DSE and maskstore trouble

classic Classic list List threaded Threaded
15 messages Options
Reply | Threaded
Open this post in threaded view
|

DSE and maskstore trouble

Andrew Stubbs
Hi All,

I'm trying to implement maskload/maskstore for AMD GCN, which has up-to
64-lane, 512-byte fully-masked vectors. All seems fine as far as the
vector operations themselves go, but I've found a problem with the RTL
Dead Store Elimination pass.

Testcase gcc.c-torture/execute/20050826-2.c uses a maskstore to write
the 14 DImode pointers all in one go. The problem is that DSE doesn't
know that the store is masked and judges the width at 512 bytes, not the
true 56 bytes. This leads it to eliminate prior writes to nearby stack
locations, and therefore bad code.

Has anyone encountered this problem with SVE or AVX maskstore at all?

I was thinking of solving the problem by adding a target hook to query
the true length of vector types. Any thoughts on that?

Andrew
Reply | Threaded
Open this post in threaded view
|

Re: DSE and maskstore trouble

Richard Biener-2
On Tue, Jul 3, 2018 at 11:59 AM Andrew Stubbs <[hidden email]> wrote:

>
> Hi All,
>
> I'm trying to implement maskload/maskstore for AMD GCN, which has up-to
> 64-lane, 512-byte fully-masked vectors. All seems fine as far as the
> vector operations themselves go, but I've found a problem with the RTL
> Dead Store Elimination pass.
>
> Testcase gcc.c-torture/execute/20050826-2.c uses a maskstore to write
> the 14 DImode pointers all in one go. The problem is that DSE doesn't
> know that the store is masked and judges the width at 512 bytes, not the
> true 56 bytes. This leads it to eliminate prior writes to nearby stack
> locations, and therefore bad code.
>
> Has anyone encountered this problem with SVE or AVX maskstore at all?

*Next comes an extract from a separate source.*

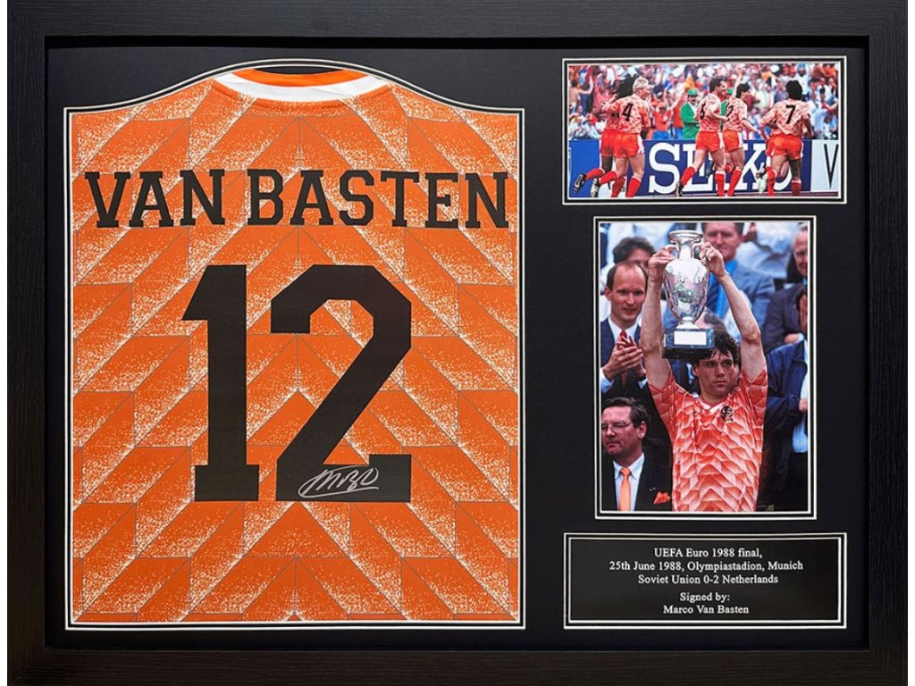 Skutečná replika dresu Nizozemska z mistrovství světa 1988. Ručně podepsaný fotbalistou Marcem Van Bastenem na čísle dresu. S vyobrazením a textem UEFA Euro 1988 FInal, 25. června 1988, Olympiastadion, Mnichov, Sovětský svaz 0-2 Nizozemsko.

AVX ones are all UNSPECs I believe - how do your patterns look like?

> I was thinking of solving the problem by adding a target hook to query
> the true length of vector types. Any thoughts on that?

It isn't about the length but about the mask because there can be mask
values that do not affect the length?

Richard.

>
> Andrew
Reply | Threaded
Open this post in threaded view
|

Re: DSE and maskstore trouble

Andrew Stubbs
On 03/07/18 11:15, Richard Biener wrote:
> AVX ones are all UNSPECs I believe - how do your patterns look like?

AVX has both unspec and vec_merge variants (at least for define_expand,
in GCC8), but in any case, AFAICT dse.c only cares about the destination
MEM, and all the AVX and SVE patterns appear to use nothing special there.

>> I was thinking of solving the problem by adding a target hook to query
>> the true length of vector types. Any thoughts on that?
>
> It isn't about the length but about the mask because there can be mask
> values that do not affect the length?

The problem I have right now is that the vector write conflicts with
writes to distinct variables, in which case the vector length is what's
important, and it's probably(?) safe to assume that if the vector mask
is not constant then space for the whole vector has been allocated on
the stack.

But yes, in general it's true that subsequent writes to the same vector
could well write distinct elements, in which case the value of the mask
is significant to DSE analysis.

Andrew
Reply | Threaded
Open this post in threaded view
|

Re: DSE and maskstore trouble

Andrew Stubbs
On 03/07/18 11:33, Andrew Stubbs wrote:
> On 03/07/18 11:15, Richard Biener wrote:
>> AVX ones are all UNSPECs I believe - how do your patterns look like?
>
> AVX has both unspec and vec_merge variants (at least for define_expand,
> in GCC8), but in any case, AFAICT dse.c only cares about the destination
> MEM, and all the AVX and SVE patterns appear to use nothing special there.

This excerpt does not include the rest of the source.